[proofplan]
For a fixed set of indices $S$, orthogonality separates the approximation error into the squared errors of the chosen coefficients and the unchanged tail outside $S$. This shows that the optimal coefficients on $S$ are exactly the Fourier coefficients $a_k$. The remaining problem is therefore purely numerical: choose $n$ coefficients whose squared moduli have maximal possible sum. The decreasing rearrangement records precisely this maximal retained energy, and subtracting it from the total Hilbert-space energy gives the stated error formula.
[/proofplan]
[step:Minimize the error over a fixed coordinate subspace]

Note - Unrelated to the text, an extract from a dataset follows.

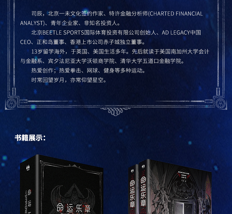 司辰,北京一未文化签约作家、特许金融分析师(Charted Financial Analyst)、青年企业家、非知名投资人。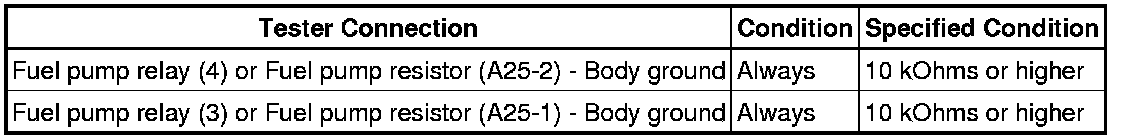 (b) Check the harness and the connectors between the fuel pump and body ground.

Fix a finite set $S \subset I$ with $|S|=n$. Define the finite-dimensional coordinate subspace
\begin{align*}
V_S := \operatorname{span}\{e_k : k \in S\} \subset H.
\end{align*}
For an arbitrary vector $v \in V_S$, write
\begin{align*}
v = \sum_{k \in S} c_k e_k
\end{align*}
with uniquely determined coefficients $c_k \in \mathbb{F}$. Since
\begin{align*}
f = \sum_{k \in I} a_k e_k
\end{align*}
in $H$, orthonormality gives
\begin{align*}
f-v = \sum_{k \in S} (a_k-c_k)e_k + \sum_{k \in I \setminus S} a_k e_k.
\end{align*}
The two sums are orthogonal because they are supported on disjoint subsets of an [orthonormal basis](/page/Orthonormal%20Basis). Hence
\begin{align*}
\|f-v\|_H^2
=
\sum_{k \in S} |a_k-c_k|^2 + \sum_{k \in I \setminus S} |a_k|^2.
\end{align*}
The second term is independent of the coefficients $(c_k)_{k \in S}$, while the first term is minimized uniquely by $c_k=a_k$ for every $k \in S$. Therefore the unique best approximation to $f$ from $V_S$ is
\begin{align*}
P_S f := \sum_{k \in S} a_k e_k,
\end{align*}
and its squared error is
\begin{align*}
\|f-P_S f\|_H^2
=
\sum_{k \in I \setminus S} |a_k|^2.
\end{align*}
[guided]
Fix a finite set $S \subset I$ with $|S|=n$. The coordinate subspace determined by $S$ is
\begin{align*}
V_S := \operatorname{span}\{e_k : k \in S\} \subset H.
\end{align*}
Every element $v \in V_S$ has a unique expansion
\begin{align*}
v = \sum_{k \in S} c_k e_k
\end{align*}
with coefficients $c_k \in \mathbb{F}$, because the vectors $(e_k)_{k \in S}$ are orthonormal and therefore linearly independent.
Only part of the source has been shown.